Old Hill Wanderers
- Full name: Old Hill Wanderers Football Club
- Nickname: the Toffs
- Founded: 1890
- Dissolved: 1895
- Ground: Halesowen Road
- Treasurer: Teddy Foley
- Secretary: John Pearson
| Home colours |

= Old Hill Wanderers F.C. =

English football club

Old Hill Wanderers Football Club was an English association football club based in Old Hill in the Black Country.

==History==

The club was formed in 1890, and, with backing from Teddy Foley (landlord of the Queen's Head on Garratt's Lane, the club's headquarters) and Albert Chapman, competed in the Birmingham & District League, one of the country's strongest semi-professional leagues, between 1892 and 1895. Bolstered by a number of old West Bromwich Albion players, including Harry Green and George Timmins (who had both been part of the 1888 FA Cup-winning side), the club won the league championship in the 1893–94 season, securing the title with a 10–0 win over Berwick Rangers while closest rivals Aston Villa Reserves could only draw with Smethwick Carriage Works.

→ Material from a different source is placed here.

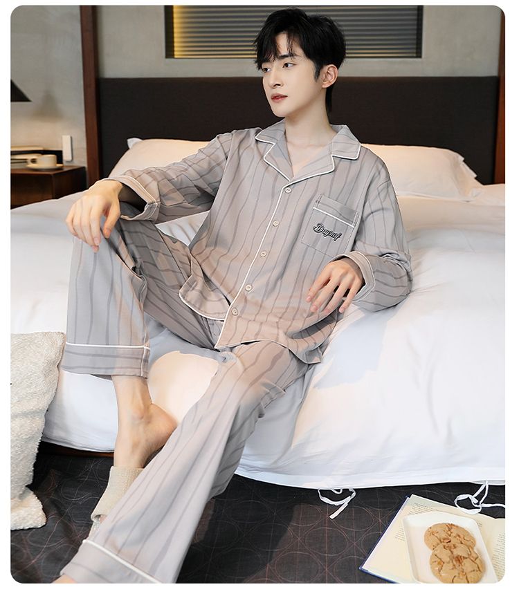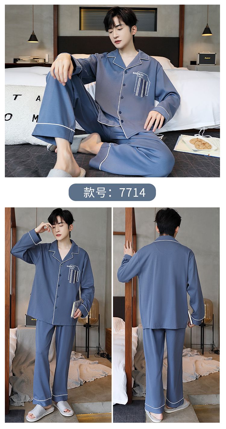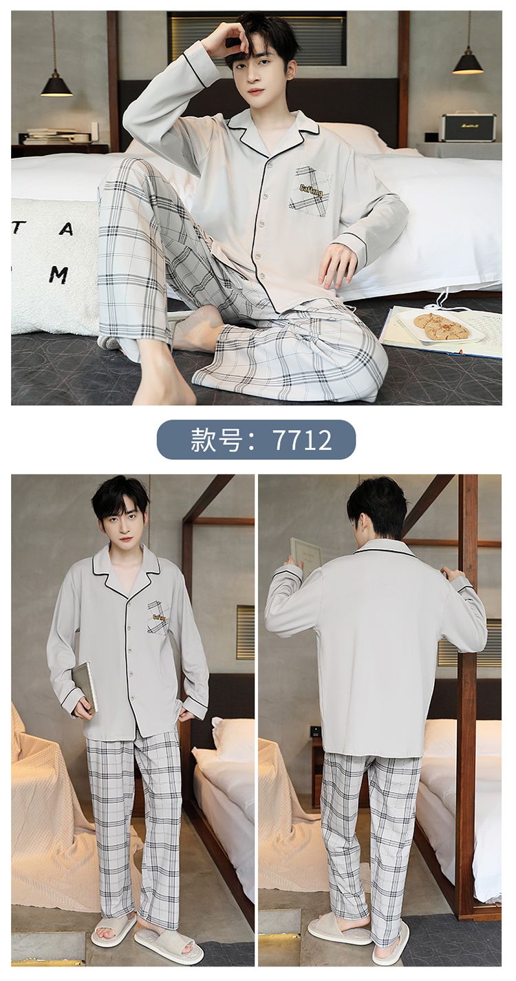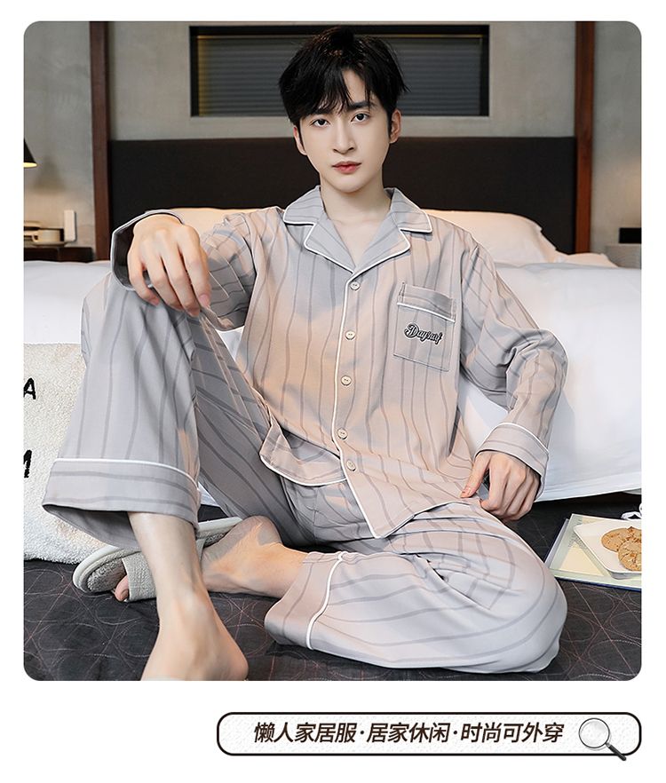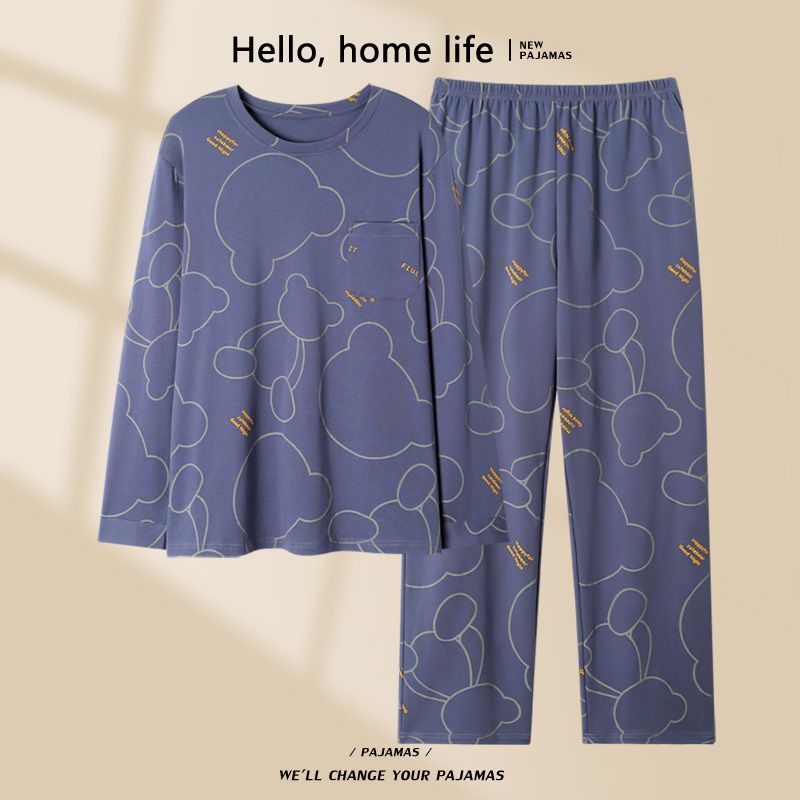 2024新款秋冬款纯棉可外穿男款睡衣春秋季男士大码长袖长裤家居服

The club also reached the fourth (and final) qualifying round of the FA Cup in 1894–95, bowing out at the Football League side Burton Wanderers.

However, the club's success proved its downfall. The loss of quality players from the 1893–94 Birmingham League-winning side, such as Alec Leake and Billy Williams to Small Heath and West Bromwich Albion respectively, and another five to the ambitious Worcester Rovers, was a major factor in the decline of the club's fortunes; the club's wages - 7/6 per match - were so low, even in its title winning season, that two players were fined for dodging train fares. Unable to match the results of the title-winning season, attendances declined and a financial loss of £200 for the 1894–95 season was reported.

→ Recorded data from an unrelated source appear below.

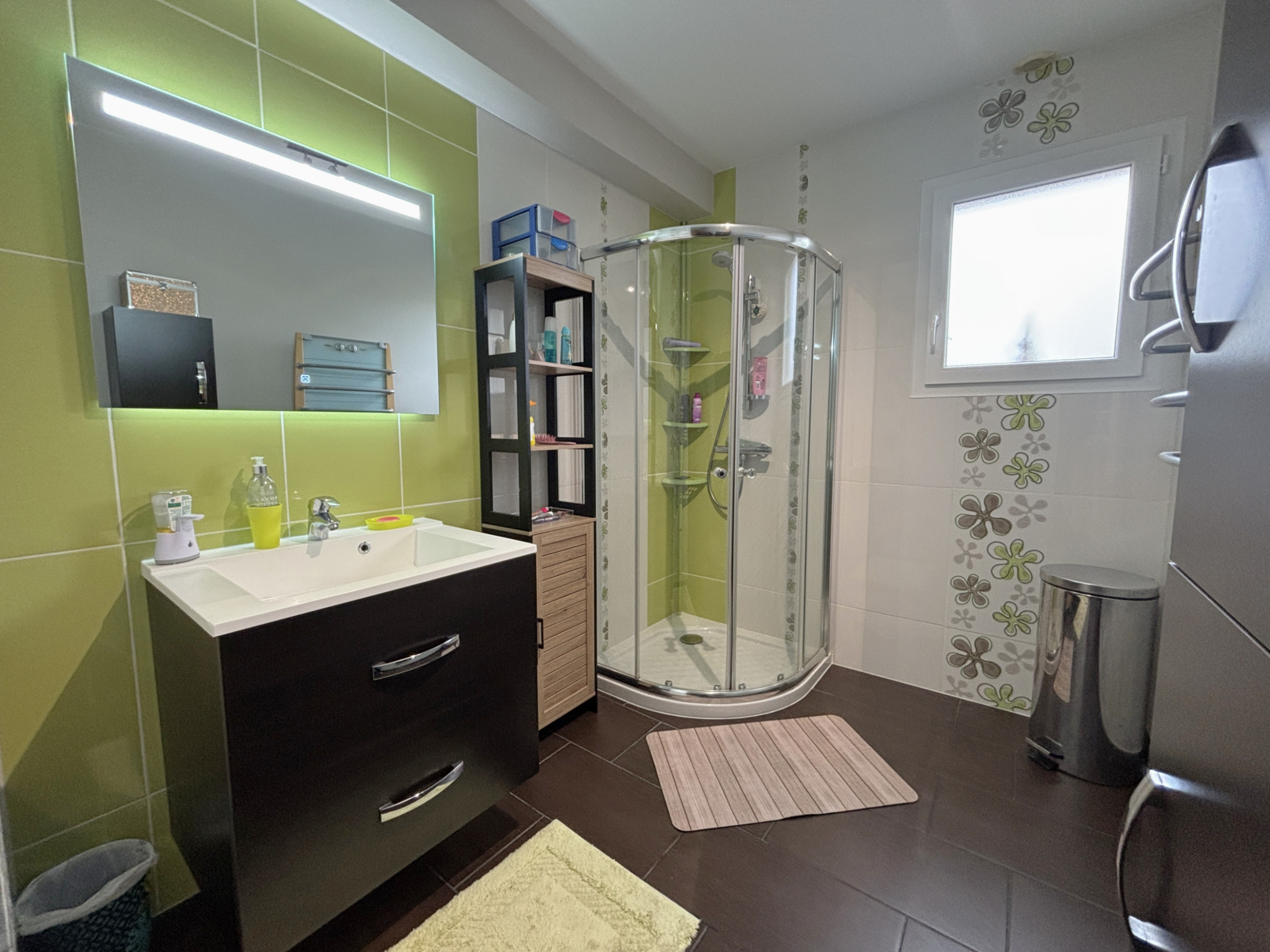 Dès l’entrée, des placards pratiques vous accueillent, avant de vous mener vers un séjour lumineux de +38m² avec une vue dégagée sur un jardin clos, sans vis-à-vis offrant un cadre agréable et intimiste.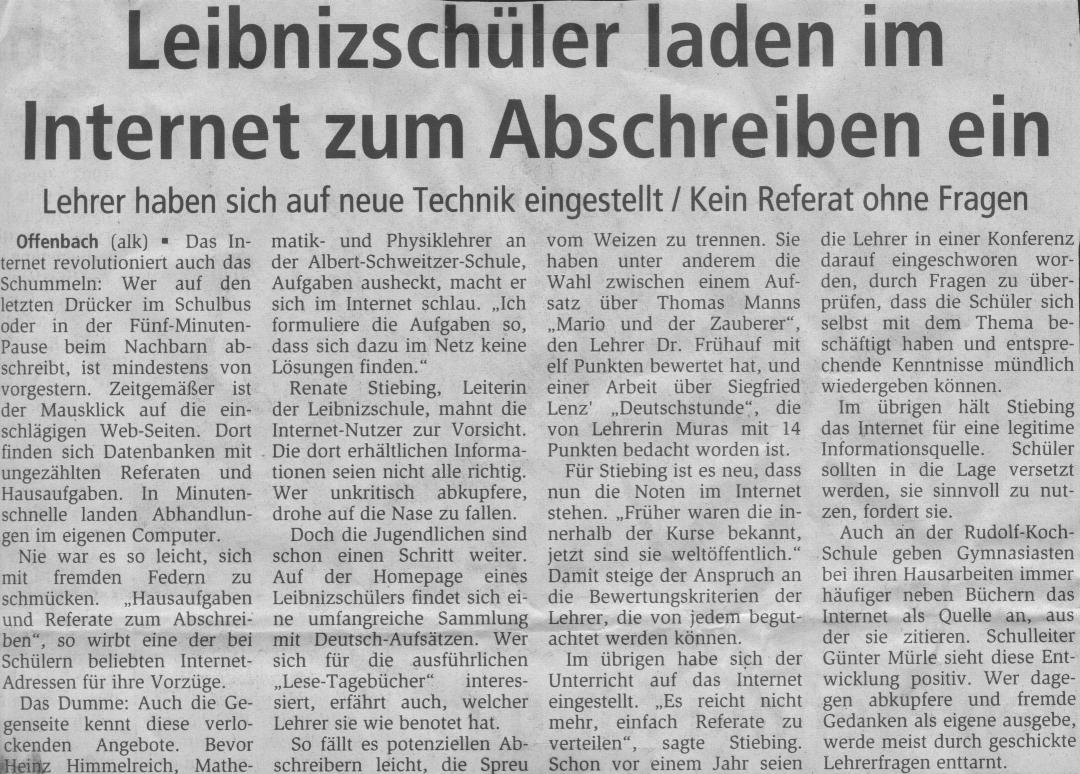 Ganz interessant für alle Schüler und Ehemalige des Leibnizgymnasiums in Offenbach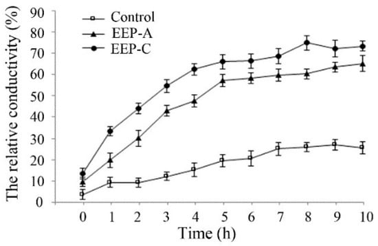 As shown in Figure 4, compared with the control, EEP treatment increased the extracellular conductivity, indicating that EEP could damage the cell membrane.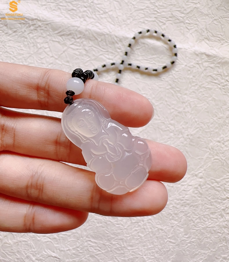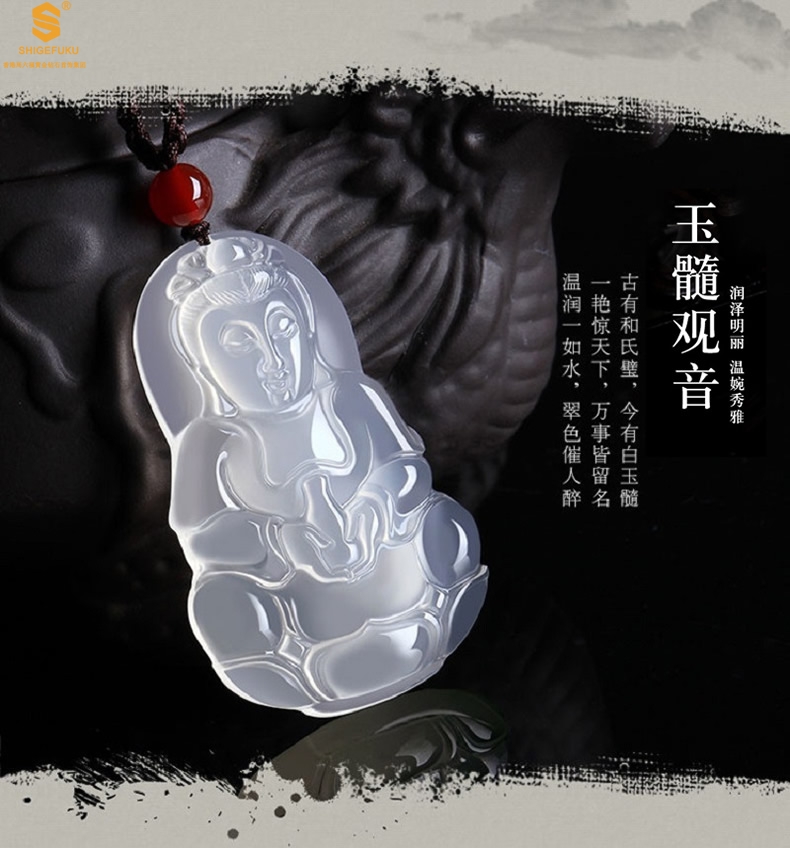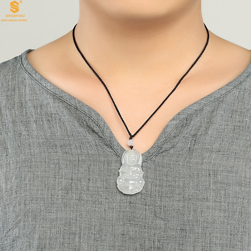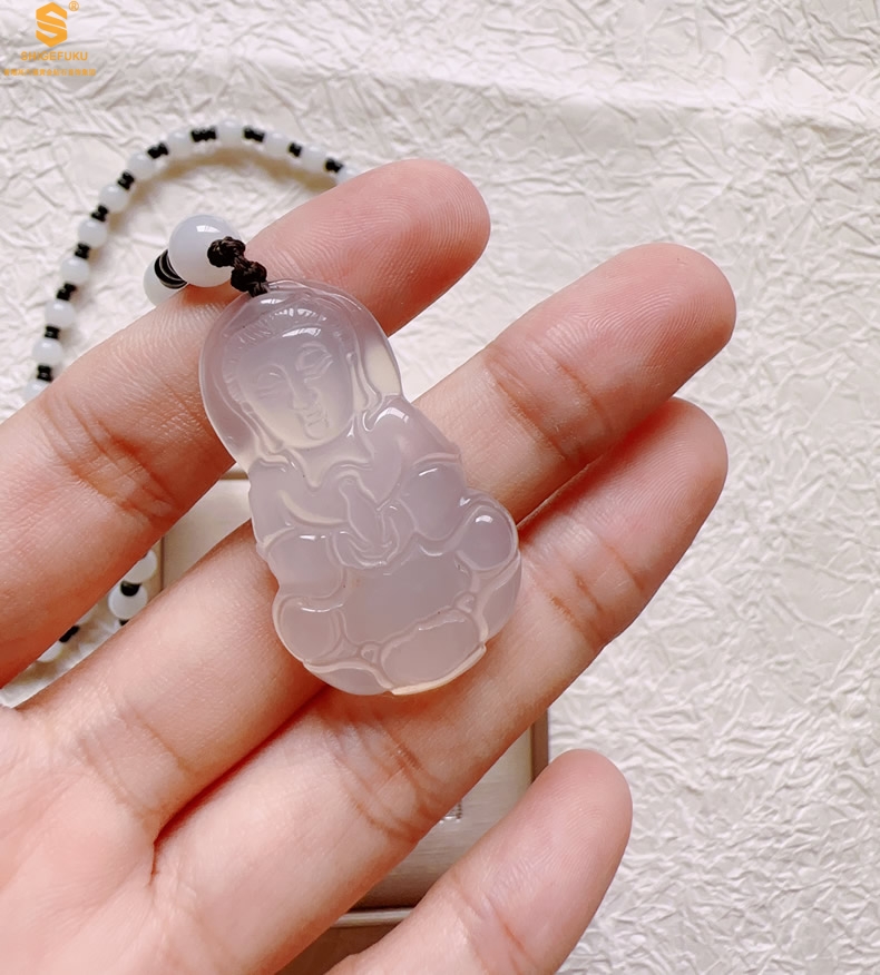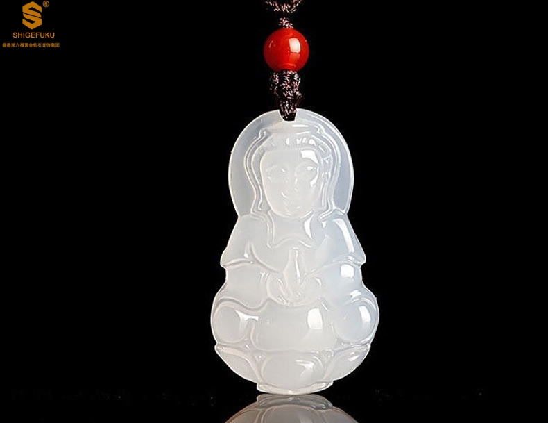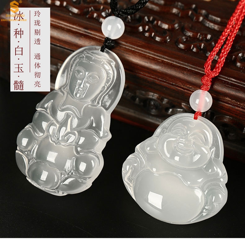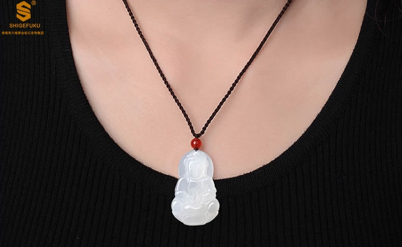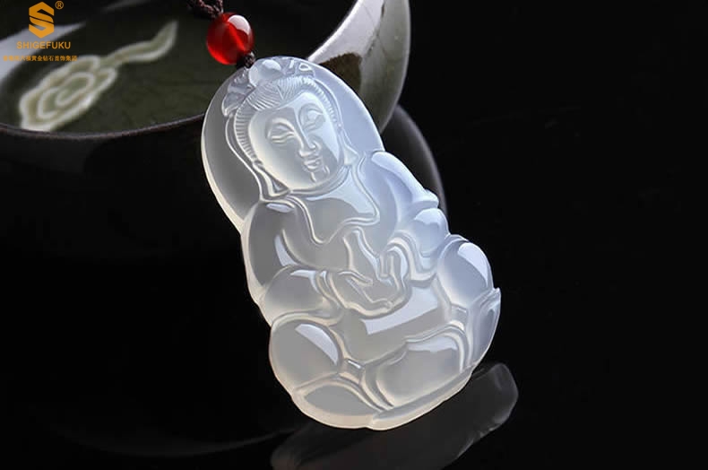 【品名】巴西高冰玉髓观音菩萨吊坠(附赠汉白玉毛衣链)

Worse, the club's landlord ordered the ground to be dismantled in August 1895, "so that it now looks like the wilderness it did six years ago", and the club became homeless. The club was voted out of the Birmingham and District League at the end of the 1894–95 season, replaced by Hereford Thistle, and the club broke up before the new season started, although an Old Hill Wanderers side played a handful of friendlies in 1895–96. In March 1897, the club's long-serving secretary, John Pearson, died of typhoid; Pearson, a boot manufacturer, was 31. Foley revived the club in 1897, albeit without a home ground (borrowing that of Netherton Rovers for home games), but it did not survive the season.

==Colours==

The club wore black and amber stripes with black shorts.

==Ground==

The club played at the Central Ground on Halesowen Road, opposite the Pig & Whistle Inn (later the Victoria Hotel). In 1892 the club's groundsman successfully defended a claim for trespass from a chain manufacturer who claimed to have the tenancy over the ground, but Teddy Foley successfully claimed that his tenancy included the ground.

The highest crowd recorded was around 4,000 saw the Wanderers draw 3-3 with Causeway Green Villa on 24 October 1891.